EXTRACTED ENTRIES:
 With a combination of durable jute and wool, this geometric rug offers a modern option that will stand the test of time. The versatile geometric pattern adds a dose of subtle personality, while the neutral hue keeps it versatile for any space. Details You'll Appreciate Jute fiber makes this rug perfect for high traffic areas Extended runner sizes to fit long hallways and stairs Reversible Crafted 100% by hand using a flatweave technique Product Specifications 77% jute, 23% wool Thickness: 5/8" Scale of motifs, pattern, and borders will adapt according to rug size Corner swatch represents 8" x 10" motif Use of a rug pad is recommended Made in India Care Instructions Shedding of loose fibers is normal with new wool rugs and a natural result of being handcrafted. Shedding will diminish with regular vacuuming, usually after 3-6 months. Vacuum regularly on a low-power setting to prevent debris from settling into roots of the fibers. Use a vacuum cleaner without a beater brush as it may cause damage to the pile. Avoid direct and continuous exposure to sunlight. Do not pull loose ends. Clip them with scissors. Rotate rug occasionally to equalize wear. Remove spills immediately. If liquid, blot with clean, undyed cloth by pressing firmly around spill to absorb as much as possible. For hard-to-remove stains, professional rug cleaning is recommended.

==

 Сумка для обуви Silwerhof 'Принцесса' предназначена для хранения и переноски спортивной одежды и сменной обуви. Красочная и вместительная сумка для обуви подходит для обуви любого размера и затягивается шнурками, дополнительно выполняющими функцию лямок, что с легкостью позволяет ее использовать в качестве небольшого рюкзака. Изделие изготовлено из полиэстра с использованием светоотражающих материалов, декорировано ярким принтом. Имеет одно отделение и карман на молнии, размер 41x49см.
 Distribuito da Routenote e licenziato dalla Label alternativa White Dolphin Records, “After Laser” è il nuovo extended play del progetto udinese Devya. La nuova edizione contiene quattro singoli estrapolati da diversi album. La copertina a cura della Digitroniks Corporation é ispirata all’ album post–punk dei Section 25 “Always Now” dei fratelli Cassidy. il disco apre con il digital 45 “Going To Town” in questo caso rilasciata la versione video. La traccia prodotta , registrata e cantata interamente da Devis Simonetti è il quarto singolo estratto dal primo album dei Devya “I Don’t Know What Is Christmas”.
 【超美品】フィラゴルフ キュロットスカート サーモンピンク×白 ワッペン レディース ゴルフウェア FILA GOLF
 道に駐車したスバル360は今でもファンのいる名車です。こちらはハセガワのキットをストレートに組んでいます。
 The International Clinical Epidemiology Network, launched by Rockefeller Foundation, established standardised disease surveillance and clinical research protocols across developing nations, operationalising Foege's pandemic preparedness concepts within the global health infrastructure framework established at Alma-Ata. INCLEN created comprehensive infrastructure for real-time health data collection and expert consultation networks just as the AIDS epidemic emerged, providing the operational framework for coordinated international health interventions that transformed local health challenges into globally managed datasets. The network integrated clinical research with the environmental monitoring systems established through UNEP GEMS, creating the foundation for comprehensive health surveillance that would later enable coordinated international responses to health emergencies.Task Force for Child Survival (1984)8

WORK REQUEST: Transcribe each line of the data above, unaltered, from the one where "Distribuito da Routenote" appears to the one where "The International Clinical" appears, inclusive of both.

EXERCISE OUTPUT:
 Distribuito da Routenote e licenziato dalla Label alternativa White Dolphin Records, “After Laser” è il nuovo extended play del progetto udinese Devya. La nuova edizione contiene quattro singoli estrapolati da diversi album. La copertina a cura della Digitroniks Corporation é ispirata all’ album post–punk dei Section 25 “Always Now” dei fratelli Cassidy. il disco apre con il digital 45 “Going To Town” in questo caso rilasciata la versione video. La traccia prodotta , registrata e cantata interamente da Devis Simonetti è il quarto singolo estratto dal primo album dei Devya “I Don’t Know What Is Christmas”.
 【超美品】フィラゴルフ キュロットスカート サーモンピンク×白 ワッペン レディース ゴルフウェア FILA GOLF
 道に駐車したスバル360は今でもファンのいる名車です。こちらはハセガワのキットをストレートに組んでいます。
 The International Clinical Epidemiology Network, launched by Rockefeller Foundation, established standardised disease surveillance and clinical research protocols across developing nations, operationalising Foege's pandemic preparedness concepts within the global health infrastructure framework established at Alma-Ata. INCLEN created comprehensive infrastructure for real-time health data collection and expert consultation networks just as the AIDS epidemic emerged, providing the operational framework for coordinated international health interventions that transformed local health challenges into globally managed datasets. The network integrated clinical research with the environmental monitoring systems established through UNEP GEMS, creating the foundation for comprehensive health surveillance that would later enable coordinated international responses to health emergencies.Task Force for Child Survival (1984)8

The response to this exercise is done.